- **About this task**: Pictures aside, repeat the listing below exactly.

::: Input data

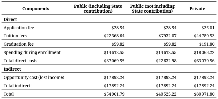 Total direct costs were calculated at US $22, 632 for students at public universities, or US $37, 070 if State contributions are taken into account, and US $63, 080 for students at private universities. Total indirect costs were US $17, 892. Thus, the cost of training a physician in Colombia is US $54, 962 at a public university and US $80, 972 at a private university.
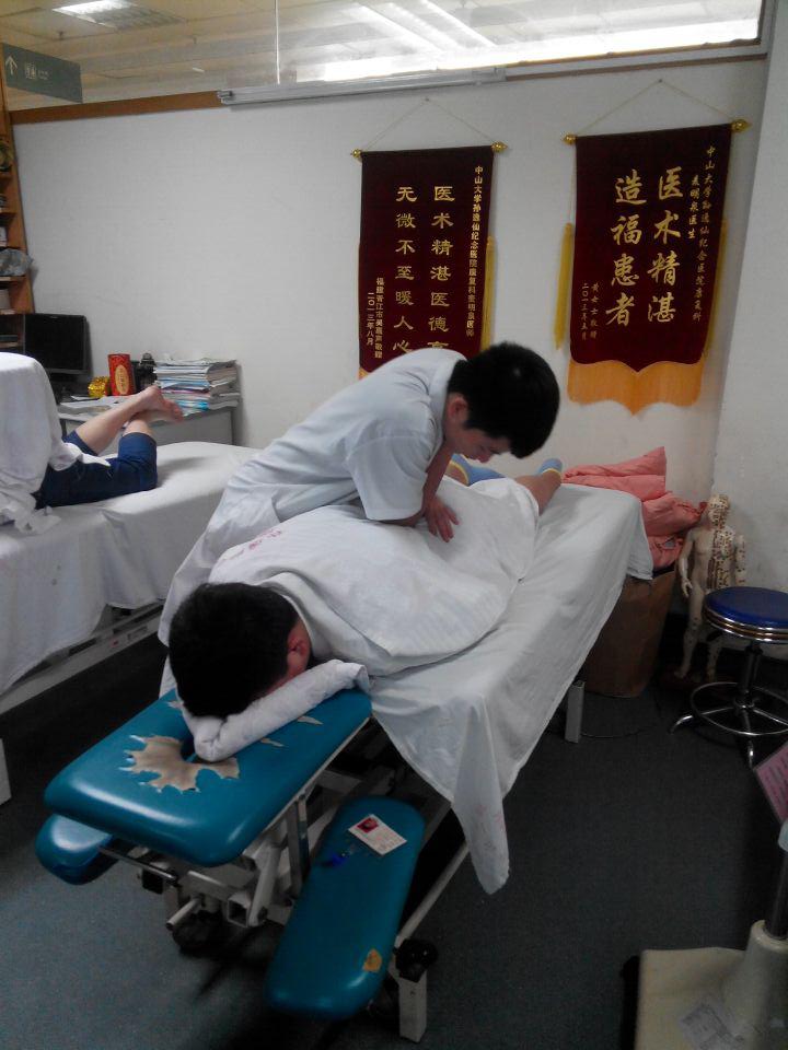 广东省第二中医院8月通讯稿 八月份开始转战门诊,省二中医的在康复方面比较有特色的就是脊柱门诊及针灸门诊,其中脊柱门诊分为两个方向,一个是以脚踩形式的推拿门诊,因为还未去学习过,就不一一说明。另有一个以龙式手法为主的脊柱门诊倾向颈肩腰腿痛的手法治疗。在脊柱门诊除了要会手法还得熟悉各类仪器设备的使用方法及操作,因为整脊方面手法虽为重要部分,但要辅以其他疗法加以巩固以防椎体失稳。小针刀、浮针、自血疗法、放血疗法都普遍得到应用。
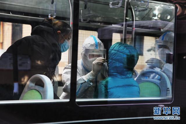 ▲1月7日,医护人员在“核酸采样流动车”内为市民进行核酸采样。图片来源:新华网
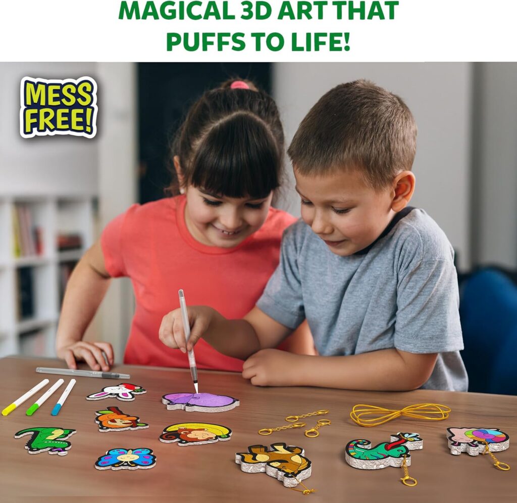 Color in adorable animal friends – then just add water and watch your creations magically puff up! Just color your design, use the water pen to activate the puff effect, and watch the magic happen in minutes. No glue, no mess – just instant puff-tastic fun!
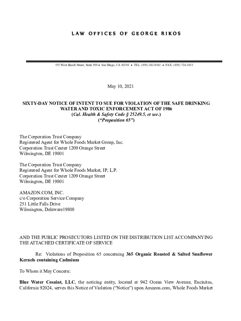 L AW % O F F I C E S % O F % G E O KG E % R I KO S555 West Beech Street, Suite 500 San Diego, CA 92101 TEL: (858) 3429161 FAX: (858) 7241453May 10, 2021 BIRTHDAY NOTICE OF INTENT TO SUE FOR VIOLATION
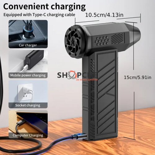 👉 Присъедини се към Viber общносттаПредставяме ви безжичния въздушен уред NKNQ – компактно и мощно решение за премахване на прах и замърсявания! Със своята невероятна скорост от 130 000 оборота в минута, този уред лесно почиства клавиатури, компютри, автомобили, мотоциклети и дори двора.
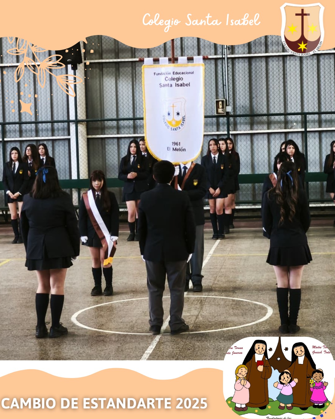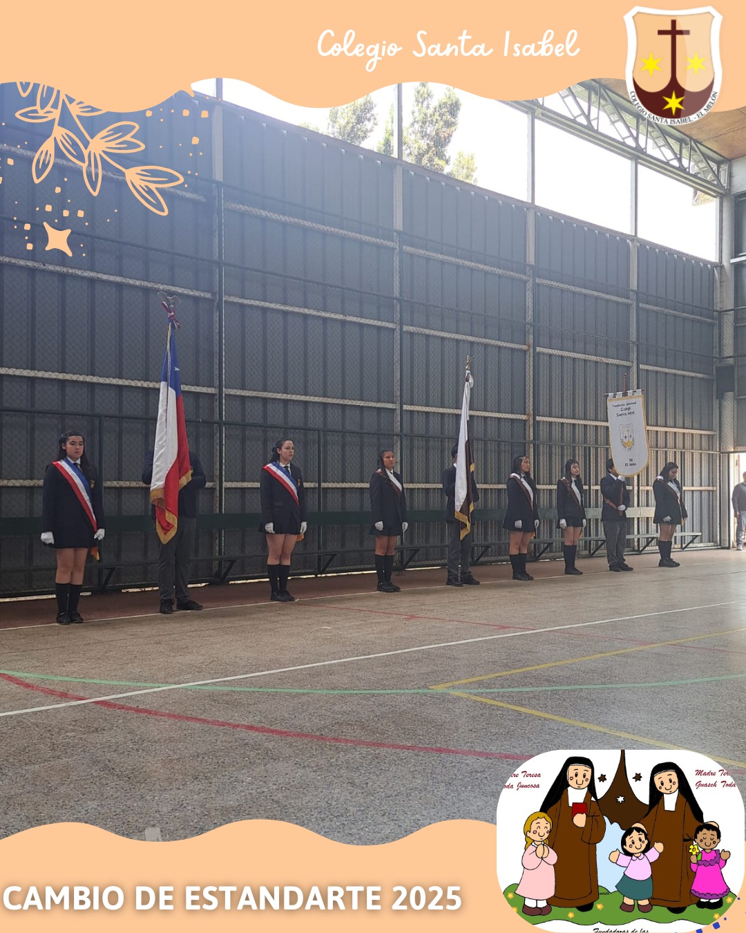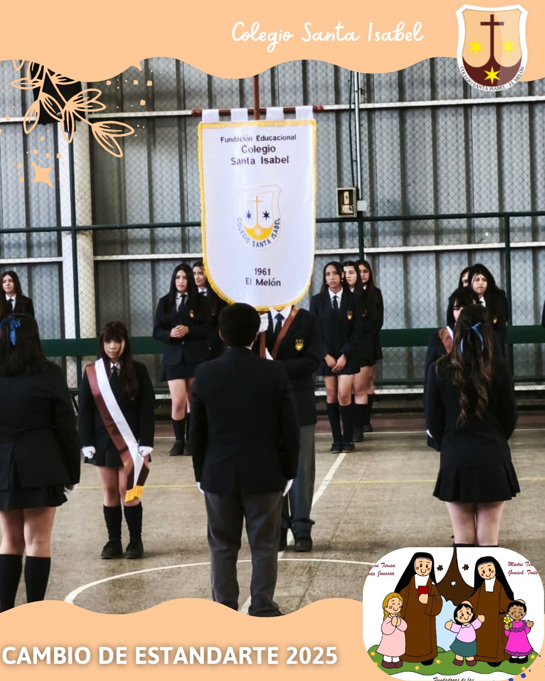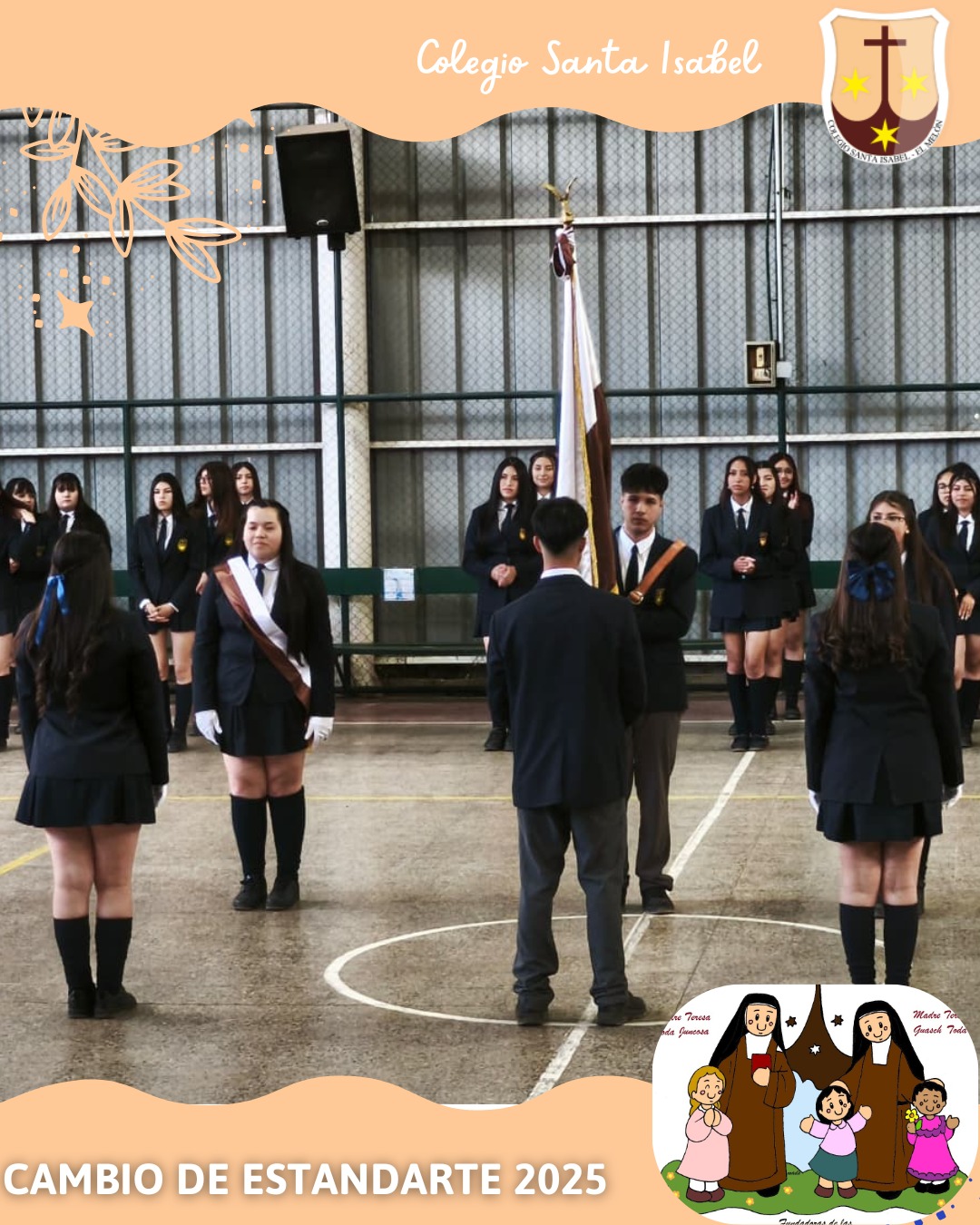 El jueves 6 de noviembre de 2025, el Colegio Santa Isabel realizó la tradicional Ceremonia de Cambio de Estandartes, donde los estudiantes de Cuarto Medio traspasaron este importante símbolo a sus compañeros de Tercer Medio, quienes asumirán el honor durante el año 2026.

::::::

- **Written response**:
 Total direct costs were calculated at US $22, 632 for students at public universities, or US $37, 070 if State contributions are taken into account, and US $63, 080 for students at private universities. Total indirect costs were US $17, 892. Thus, the cost of training a physician in Colombia is US $54, 962 at a public university and US $80, 972 at a private university.
 广东省第二中医院8月通讯稿 八月份开始转战门诊,省二中医的在康复方面比较有特色的就是脊柱门诊及针灸门诊,其中脊柱门诊分为两个方向,一个是以脚踩形式的推拿门诊,因为还未去学习过,就不一一说明。另有一个以龙式手法为主的脊柱门诊倾向颈肩腰腿痛的手法治疗。在脊柱门诊除了要会手法还得熟悉各类仪器设备的使用方法及操作,因为整脊方面手法虽为重要部分,但要辅以其他疗法加以巩固以防椎体失稳。小针刀、浮针、自血疗法、放血疗法都普遍得到应用。
 ▲1月7日,医护人员在“核酸采样流动车”内为市民进行核酸采样。图片来源:新华网
 Color in adorable animal friends – then just add water and watch your creations magically puff up! Just color your design, use the water pen to activate the puff effect, and watch the magic happen in minutes. No glue, no mess – just instant puff-tastic fun!
 L AW % O F F I C E S % O F % G E O KG E % R I KO S555 West Beech Street, Suite 500 San Diego, CA 92101 TEL: (858) 3429161 FAX: (858) 7241453May 10, 2021 BIRTHDAY NOTICE OF INTENT TO SUE FOR VIOLATION
 👉 Присъедини се към Viber общносттаПредставяме ви безжичния въздушен уред NKNQ – компактно и мощно решение за премахване на прах и замърсявания! Със своята невероятна скорост от 130 000 оборота в минута, този уред лесно почиства клавиатури, компютри, автомобили, мотоциклети и дори двора.
 El jueves 6 de noviembre de 2025, el Colegio Santa Isabel realizó la tradicional Ceremonia de Cambio de Estandartes, donde los estudiantes de Cuarto Medio traspasaron este importante símbolo a sus compañeros de Tercer Medio, quienes asumirán el honor durante el año 2026.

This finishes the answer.